Technique 3: Redundant Columns¶

Add frequently accessed foreign-table columns to avoid joins:

-- Normalized
CREATE TABLE orders (
    order_id INT PRIMARY KEY,
    customer_id INT REFERENCES customers(customer_id),
    order_date DATE
);

-- Denormalized: add customer_name for display purposes
CREATE TABLE orders (
    order_id INT PRIMARY KEY,
    customer_id INT REFERENCES customers(customer_id),
    customer_name VARCHAR(100),  -- redundant, but avoids join
    order_date DATE
);

Technique 4: Summary/Aggregate Tables¶

Create separate tables for pre-computed aggregates:

CREATE TABLE daily_sales_summary (
    sale_date   DATE PRIMARY KEY,
    total_orders INT,
    total_revenue DECIMAL(12,2),
    avg_order_value DECIMAL(10,2)
);

-- Populated by a nightly batch job or trigger

Technique 5: Materialized Views¶

Some databases support materialized views — precomputed query results stored as tables:

-- PostgreSQL
CREATE MATERIALIZED VIEW product_sales_summary AS
SELECT
    p.product_id,
    p.product_name,
    p.category,
    COUNT(oi.order_id) AS times_ordered,
    SUM(oi.quantity) AS total_quantity,
    SUM(oi.quantity * oi.price) AS total_revenue
FROM products p
JOIN order_items oi ON p.product_id = oi.product_id
GROUP BY p.product_id, p.product_name, p.category;

-- Refresh periodically
REFRESH MATERIALIZED VIEW product_sales_summary;

7.3 Managing Denormalized Data¶

Denormalization introduces the very anomalies that normalization was designed to prevent.

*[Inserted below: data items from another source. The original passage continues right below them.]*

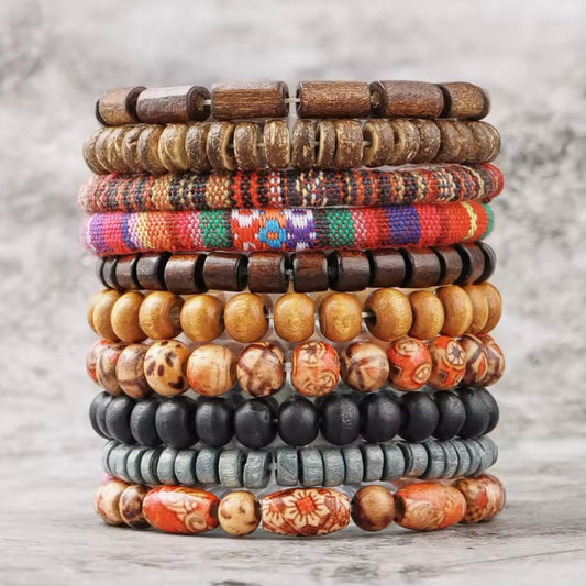 Afrikaanse etnische patroon Boheemse armbanden set, zigeunervrijheidssymbool, Nepalese surferarmbanden
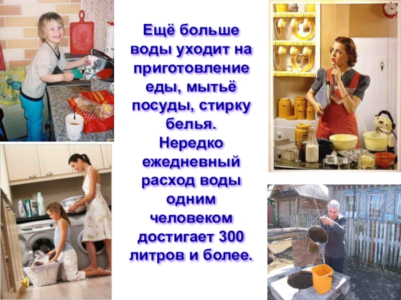 Слайд 18Ещё больше воды уходит на приготовление еды, мытьё посуды, стирку белья. Нередко
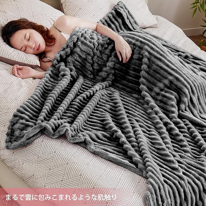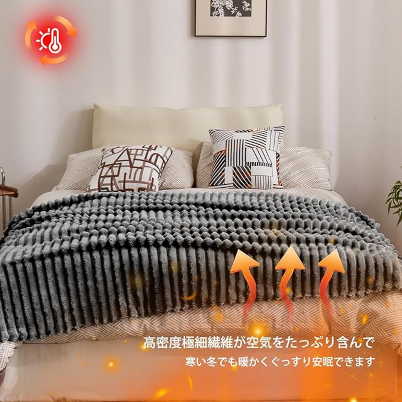 【高品質素材&雲のような肌触り】当社の毛布は高品質ポリエステル超極細繊維を採用し、耐磨耗性に優れ、通気性が良好です。高密度の極細繊維がふんわりとした柔らかな肌触りを実現し、長時間の保温効果と共に、贅沢な包み込み感をお約束します。
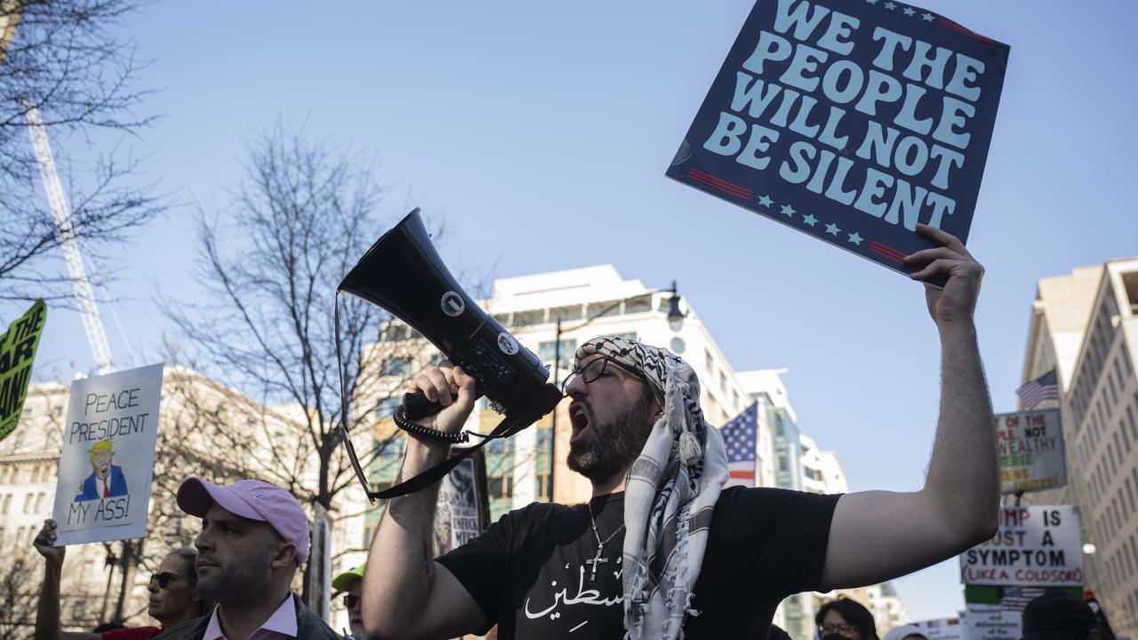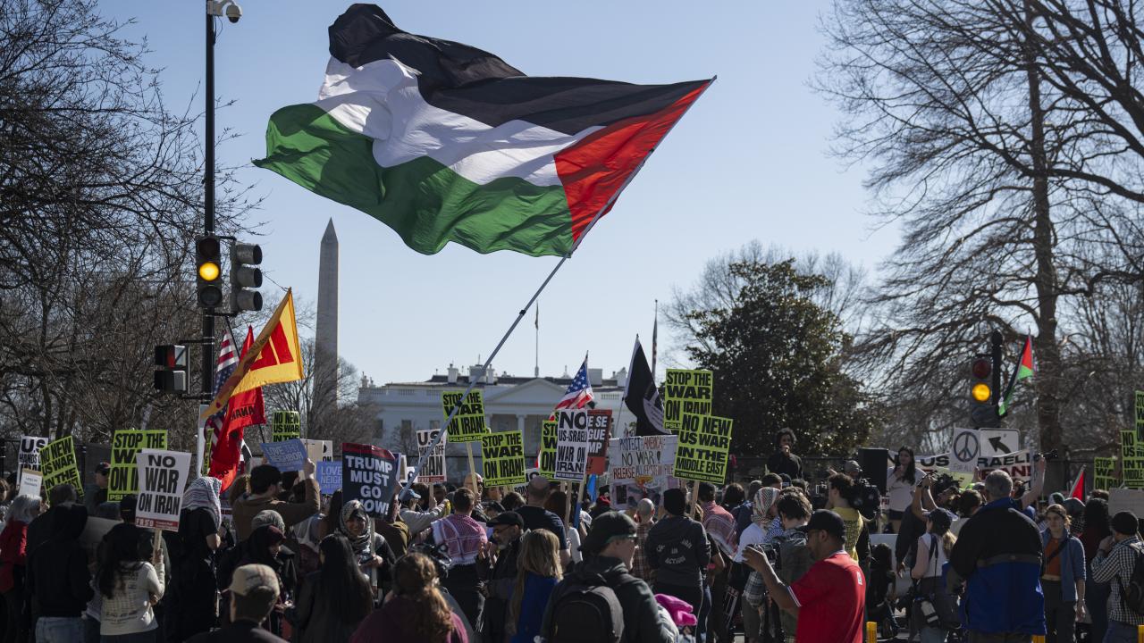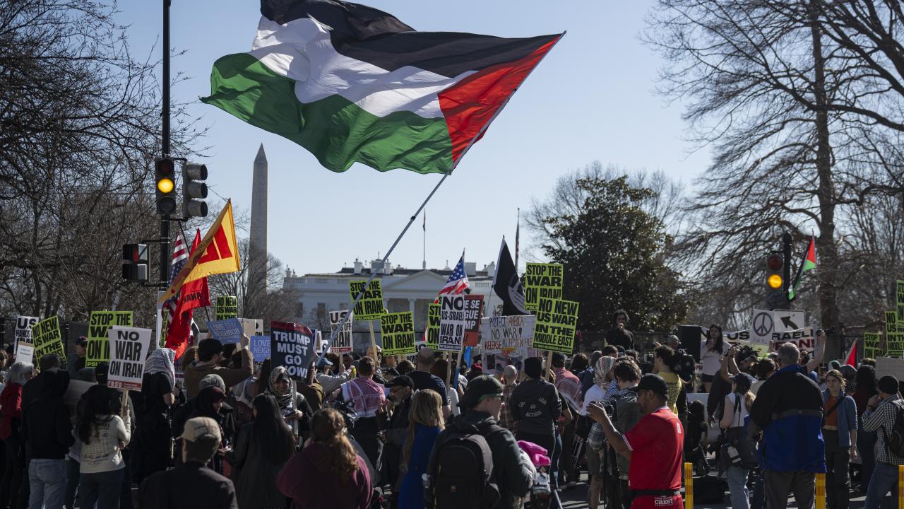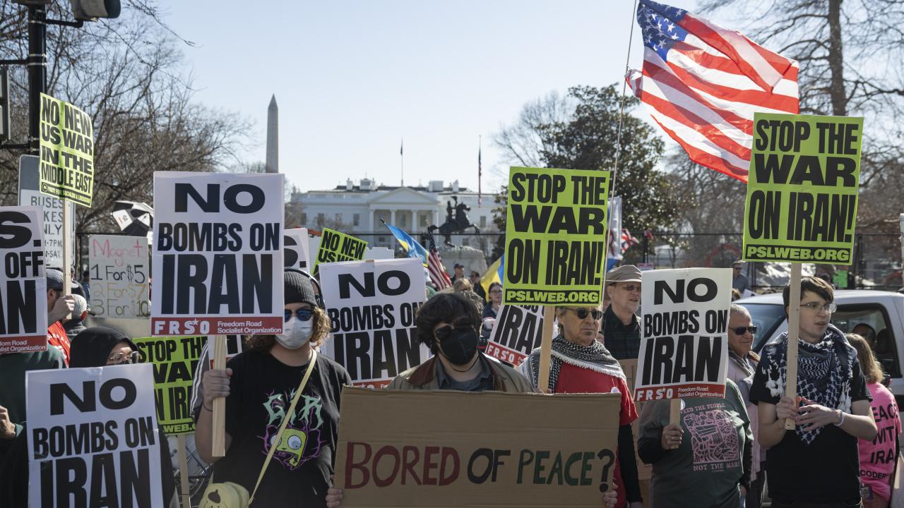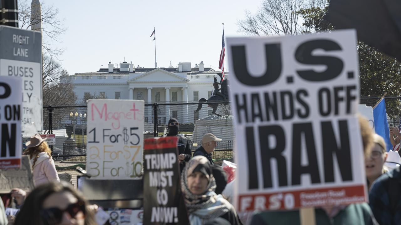 Amerika Birleşik Devletleri'nin başkenti Washington'da Beyaz Saray önünde toplanan göstericiler, ABD ve İsrail'in İran'a yönelik saldırılarını protesto etti. Savaş karşıtı sloganlar atan göstericiler, iki ülkenin İran'a karşı yürüttüğü askeri faaliyetlere tepki gösterdi.
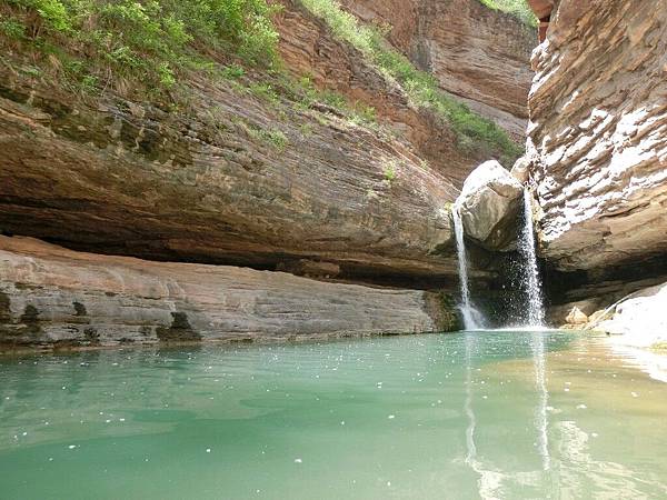 沿谷流下的溪水跌落成瀑,瀑落成潭,潭瀑相連
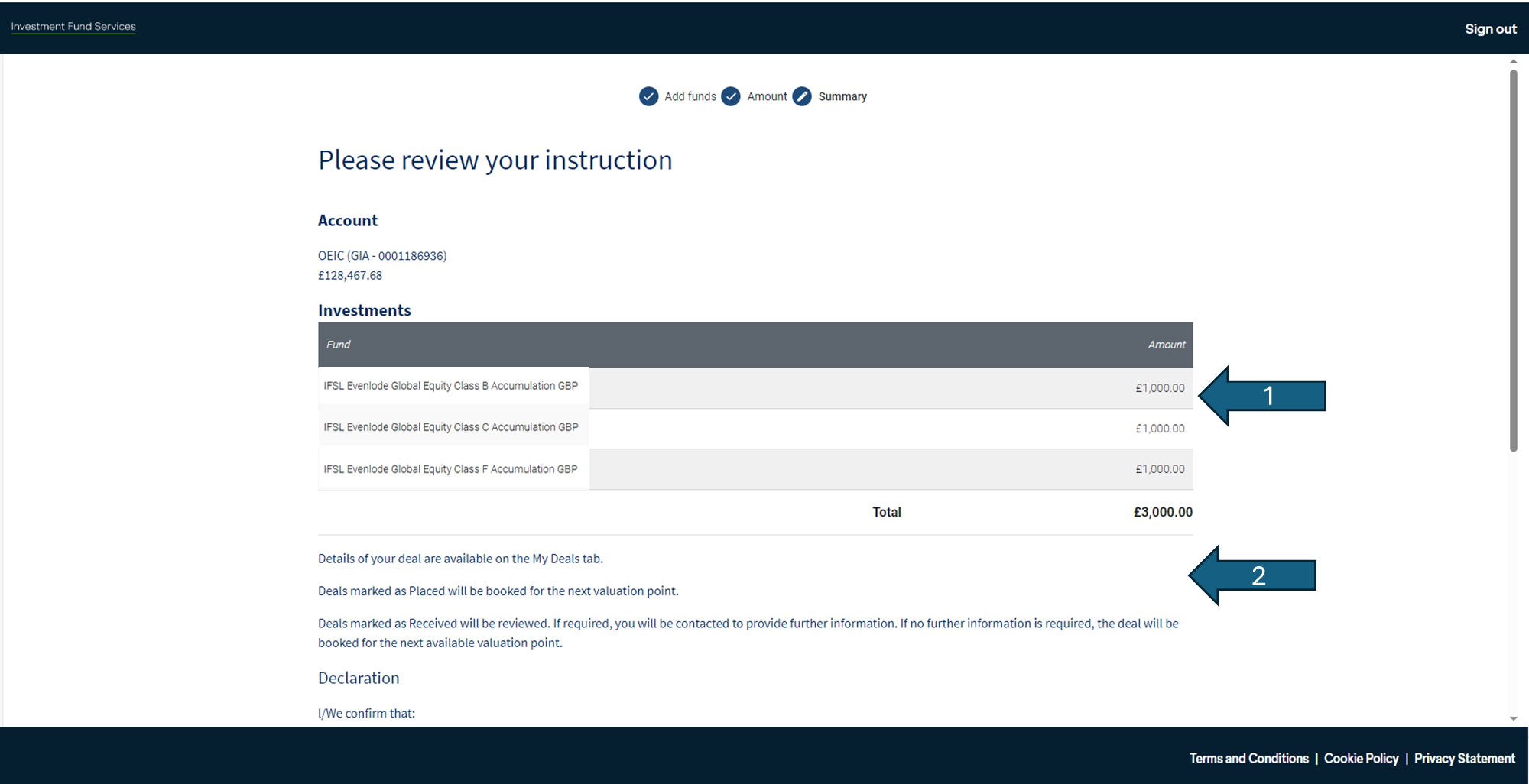1. The funds chosen, amounts to be invested and income preferences selected are summarised for you to review.
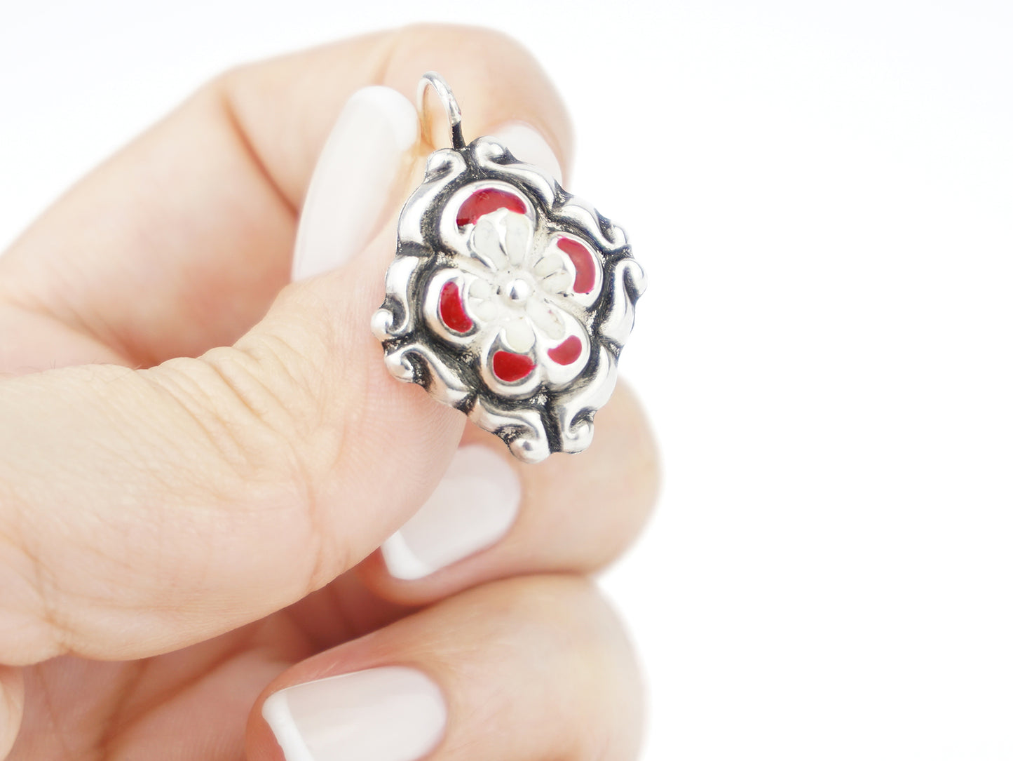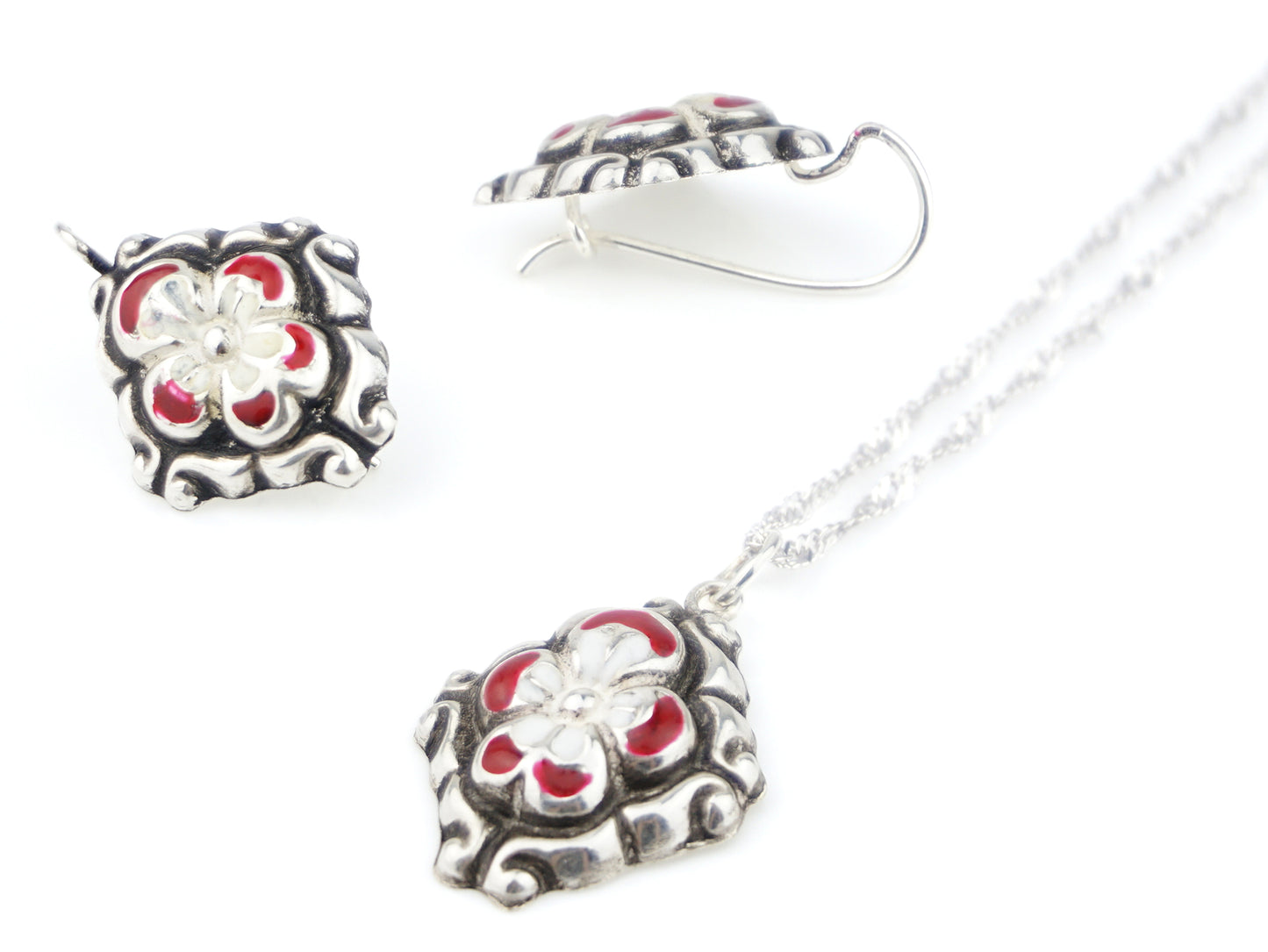 Elegant Baroque Red and White Flower SET of hook Earrings, and Necklace with adjustable Twisted chain. Hollow single-sided, handcrafted in Portugal by talented artisans, in 925 Sterling Silver with "Patina" and Enamel finishing.
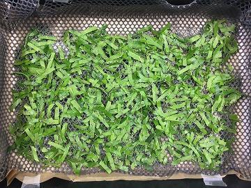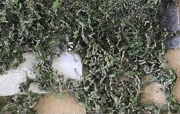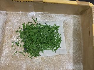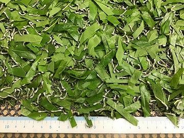 3令蚕は、桑の葉を噛む力も強くなっているので、切り桑は卒業し、ある程度の大きさに千切った桑の葉をまんべんなく、お蚕さんたちの上に敷いてあげます。
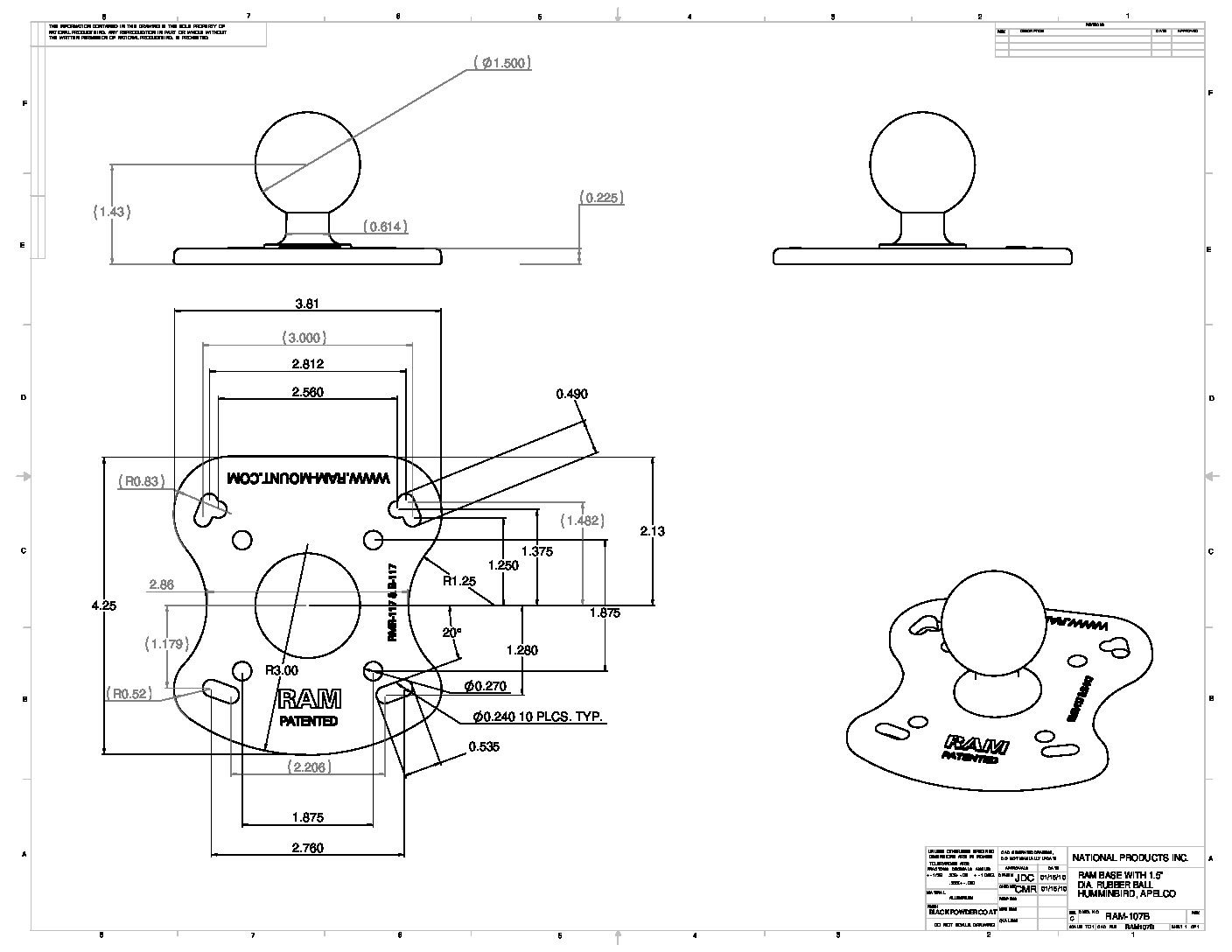 The RAM-107U consists of a double socket arm, 2.5″ diameter round base with the universal AMPS hole pattern and connecting Humminbird/Apelco marine adapter base. The mount is designed with a RAM 1.5″ diameter patented rubber ball and socket system that has adjustment points at both ends of the double socket arm; this allowing for almost infinite adjustment and perfect viewing angles.Rubber ball and socket technology allows for almost infinite adjustment and perfect viewing angles. Made with powder coated marine grade aluminum
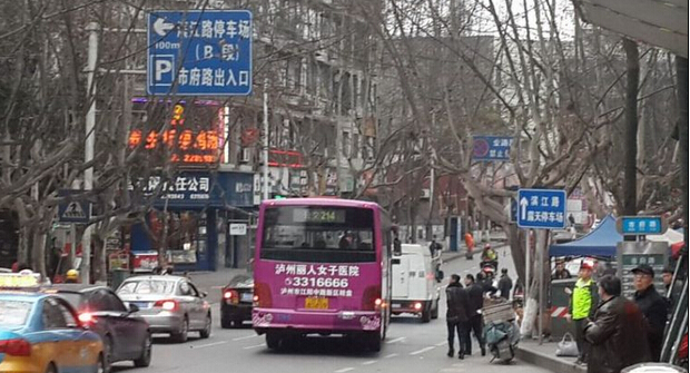 在慈善路人民医院路口处有指路标志,道路左侧标志指示方向为滨江路停车场位置;道路右侧标志是指示机动车需直行到三星街路口进行左转进入三星街后,进入新马路到达停车场的线路。在慈善路人民医院路口直接左转进入新市府路后,道路右侧有禁止直行、右转标志,直行进入停车场的机动车将按照违反禁令标志行为进行处罚。请驾驶员从三星街、市府路绕行进入滨江路停车场。

Strategies to manage this:

1. Application-level enforcement

The application ensures consistency when writing:

def update_customer_name(customer_id, new_name):
    # Update the normalized source
    db.execute("UPDATE customers SET name = ? WHERE id = ?",
               new_name, customer_id)

    # Update all denormalized copies
    db.execute("UPDATE orders SET customer_name = ? WHERE customer_id = ?",
               new_name, customer_id)
    db.commit()

2. Database triggers

Let the database maintain consistency automatically:

CREATE OR REPLACE FUNCTION sync_customer_name()
RETURNS TRIGGER AS $$
BEGIN
    IF NEW.name <> OLD.name THEN
        UPDATE orders
        SET customer_name = NEW.name
        WHERE customer_id = NEW.customer_id;
    END IF;
    RETURN NEW;
END;
$$ LANGUAGE plpgsql;

CREATE TRIGGER trg_customer_name_sync
AFTER UPDATE OF name ON customers
FOR EACH ROW EXECUTE FUNCTION sync_customer_name();

3. Eventual consistency

Accept that denormalized data may be temporarily stale:

-- Use a last_synced timestamp to track freshness
ALTER TABLE orders_denormalized ADD COLUMN last_synced TIMESTAMP;

-- Background job refreshes periodically
UPDATE orders_denormalized od
SET customer_name = c.name, last_synced = NOW()
FROM customers c
WHERE od.customer_id = c.customer_id
AND od.customer_name <> c.name;

7.4 The Normalization-Denormalization Spectrum¶

Fully Normalized (BCNF/4NF)                    Fully Denormalized
├──────────────────────────────────────────────────────┤
│                                                      │
│  ✓ No redundancy          ✗ Maximum redundancy       │
│  ✓ No anomalies           ✗ All anomalies possible   │
│  ✗ Many joins needed       ✓ No joins needed          │
│  ✗ Complex queries         ✓ Simple queries           │
│  ✓ Write-optimized         ✓ Read-optimized           │
│                                                      │
│         OLTP systems ←──────→ OLAP/Analytics         │

7.5 Decision Framework¶

Ask these questions before denormalizing:

Is the join truly a bottleneck? Profile first. Often, proper indexing eliminates the need for denormalization.
What is the read:write ratio? Denormalization helps most when reads dominate (>10:1).
How critical is consistency? Financial systems demand perfect consistency; recommendation engines can tolerate staleness.
Can materialized views suffice? They provide denormalization benefits without modifying the base schema.
Is the team prepared to maintain it? Denormalized schemas require discipline — every write path must update all copies.

8. Star Schema and Snowflake Schema¶

Data warehousing uses specific denormalized patterns optimized for analytical queries.

8.1 Star Schema¶

The star schema is the simplest data warehouse pattern. It consists of: - One fact table at the center (measurements/events) - Multiple dimension tables radiating outward (descriptive attributes)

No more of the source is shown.